J’étais en contact avec une partie glacée, qui ne vivait plus. Et
puis, les autres ont réagi, tour à tour. L’un a dit : C’est pas
possible ! Un autre : Dans ma relation précédente, j’ai aussi
passé des années sans toucher ma femme. Un autre encore :
Maintenant, nous ne faisons l’amour qu’une fois tous les trois
mois. Et, bien sûr, celui à qui j’avais parlé dans la voiture :
Moi, c’est pareil... En fait, pour tous, à un moment de la vie,
il s’était passé quelque chose d’analogue, quoiqu’en moins
radical. Il y a eu beaucoup de surprise, mais aucun jugement,
aucun conseil, ni aucune tentative de me rassurer. C’était
comme ça. Chaque fois, j’avais l’impression d’être libéré de
poids immenses… Après j’ai éprouvé le besoin de leur demander
: Est-ce que j’ai l’air anormal ? Est-ce que ça se voit sur
mon visage ?… Ils m’ont renvoyé que j’avais plutôt l’air épanoui
et, sûrement, de la séduction par rapport aux femmes. Ça
m’a apaisé : tout n’était pas perdu, j’étais capable de prendre
un autre chemin…
Même si le problème n’est pas résolu, Daniel se sent moins
seul désormais. Et il revient sur le sujet : Mon leitmotiv, c’était
: J’adore les femmes mais, avec la mienne, je n’arrive à
rien. Je l’aime mais je ne peux pas la toucher et ça fait monter
en moi à la fois une culpabilité et une colère énormes. Je
disais aussi qu’en étant nul en tant qu’homme, je n’avais pas
ma place dans le groupe. Que je ferais mieux d’aller me
cacher quelque part. Les autres ne comprenaient pas bien
cette situation mais ils disaient que j’étais aussi viril qu’eux et ça apaisait un peu ma souffrance. Ils m’écoutaient et me rassuraient. Quand je me montrais, c’était moins dur…

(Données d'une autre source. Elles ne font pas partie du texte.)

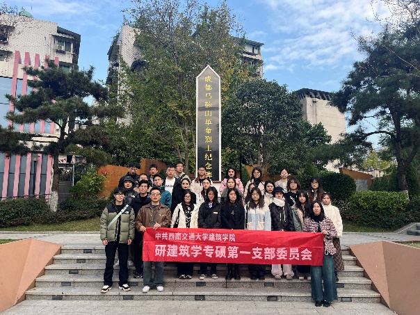 为了深入学习和传承红色革命精神,感悟革命先烈的英勇事迹,教育引导党员同志始终牢记初心使命,传承红色基因、赓续红色血脉、发扬红色传统,将革命先辈开创的伟大事业继续向前推进。2024年11月28日下午,研建筑学专硕第一党支部集体前往成都市马鞍山烈士陵园开展了“追寻红色,倾听历史”的主题活动。
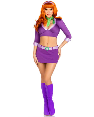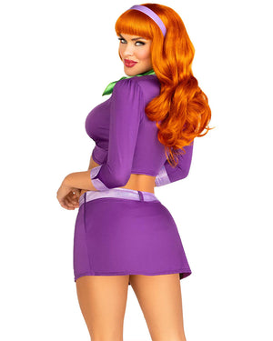 Step into the mystery-solving spotlight with this Meddling Cutie Women's Costume! Embrace your inner detective and channel the iconic style of everyone's favourite member of Mystery Inc. This ensemble features a curve-hugging purple crop top with 3/4 sleeves, perfect for showcasing your charm and confidence. Paired with a matching purple mini skirt featured with a green belt buckle feature, you'll be ready to crack any case in style. The look is completed with the included purple headband and a green silk scarf for a touch of retro flair. Whether you're attending a costume party, cosplay event, or just feeling adventurous, this costume is sure to turn heads and capture the spirit of Daphne from Scooby-Doo. Get ready to solve mysteries and look fabulous while doing it!
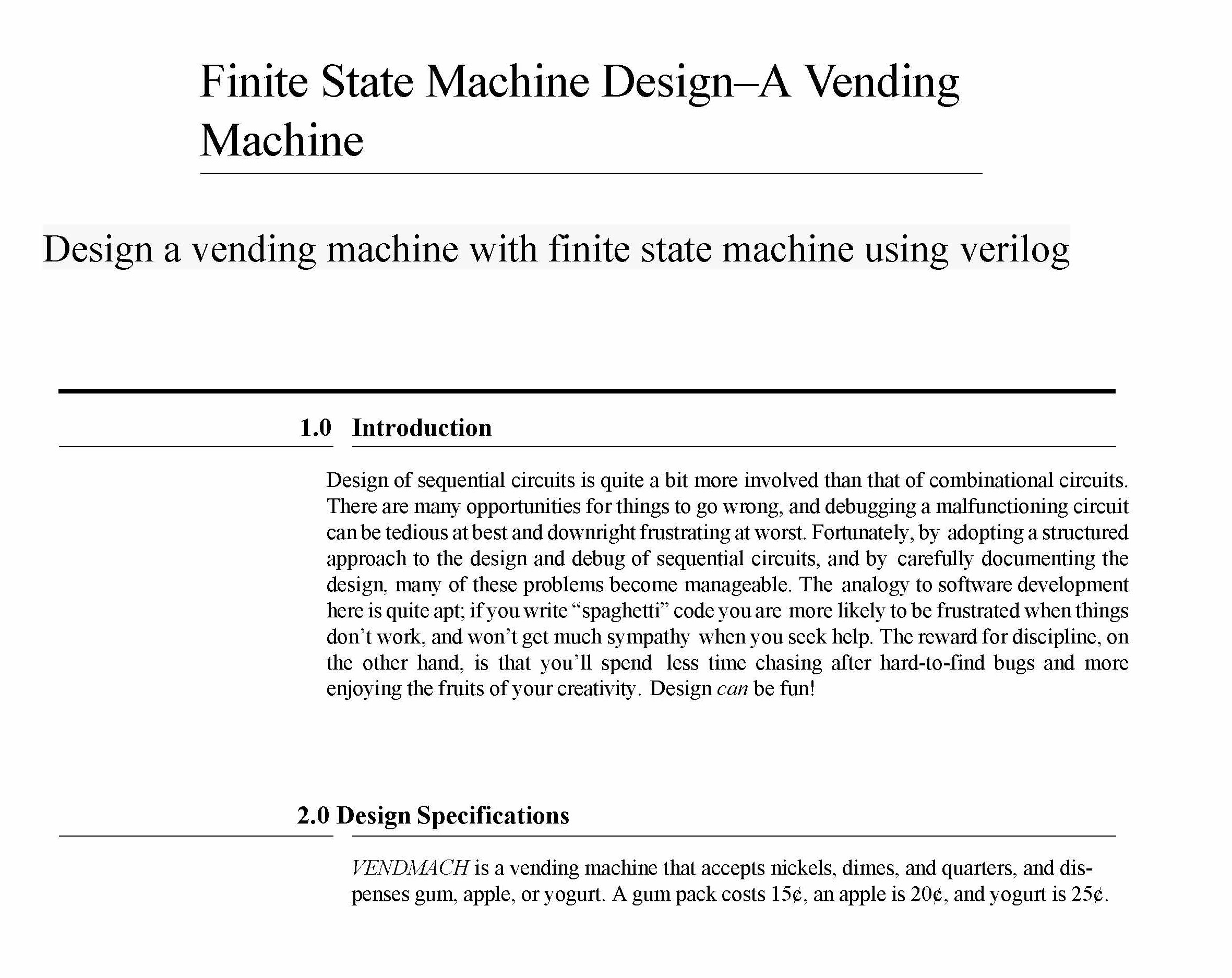 Finite State Machine Design–A Vending Machine Design a...
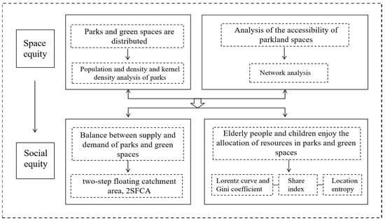 As a public good, urban green space has essential economic and ecological benefits in urban planning. However, there are inequities in the allocation process of urban parkland, and disadvantaged groups’ voices need more consideration [,]. Therefore, the study of spatial justice in urban parkland is of great importance to the research and practice of public policy on urban green space construction. This paper constructs a parkland layout equity research framework for empirical case analysis of parkland in the primary city of Harbin (Figure 3), divided into the two levels of spatial equity and social equity.
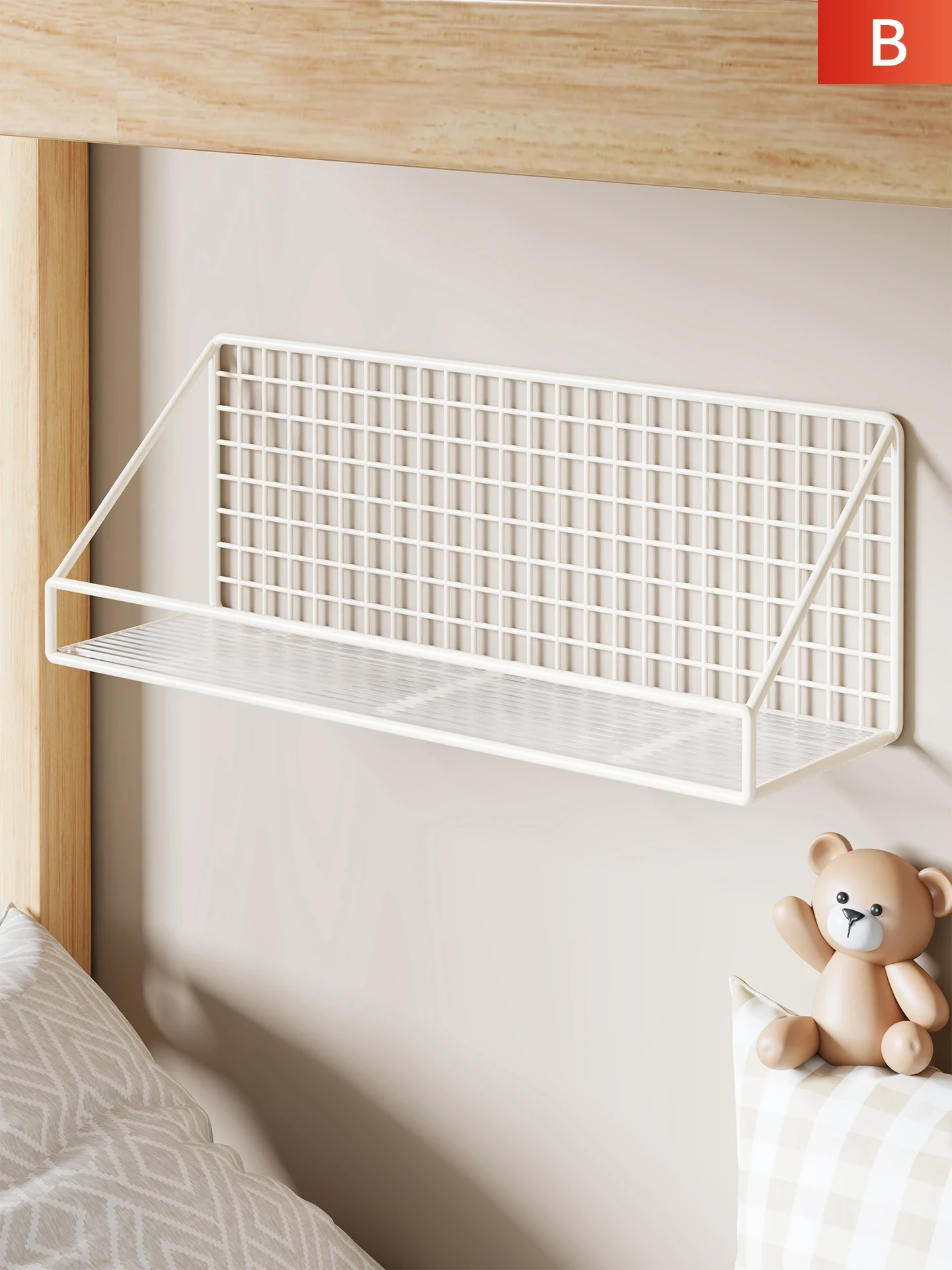 学生寮にぴったり!壁掛け収納ラック - 簡単設置、穴あけ不要!ベッドサイドや上段に最適な収納バスケットで、すっきり快適な空間を実現!
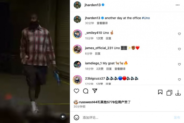 哈登INS晒今日穿搭和赛场集锦:又是上班的一天
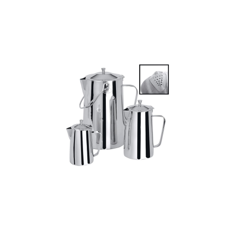 Itt a kávé- és ital szolgáltatás témája nagy hangsúlyt kap! Kávéfőzőktől és barista eszközöktől kezdve a teázási kiegészítőkön át a palackhűtőkig és üvegkancsókig.18/10-es nemesacélból készült, fényes felülettel, hajtós fedéllel és belső szűrővel, a fogantyúk tompa rögzítéssel - ezért abszolút higiénikus, extra nehéz minőség Tartalom: 3 l Magasság: 250 mm Anyag: Nemesacél

Daniel reste encore deux ans avec sa conjointe, puis trouve
l’énergie de la quitter.
Ces expériences montrent la nécessité, paradoxale, dans une
société désormais quasi-totalement mixte, de préserver et de
pérenniser des espaces masculins – et du même coup des
espaces féminins (ce n’est pas un hasard si s’est créé dans la
foulée un Réseau Femmes). Le progrès apporté par la mixité
généralisée est une évidence. Mais les individus de chaque
sexe ont encore besoin de se rencontrer et d’échanger entre
eux, spécifiquement et ils l’auront toujours sans doute.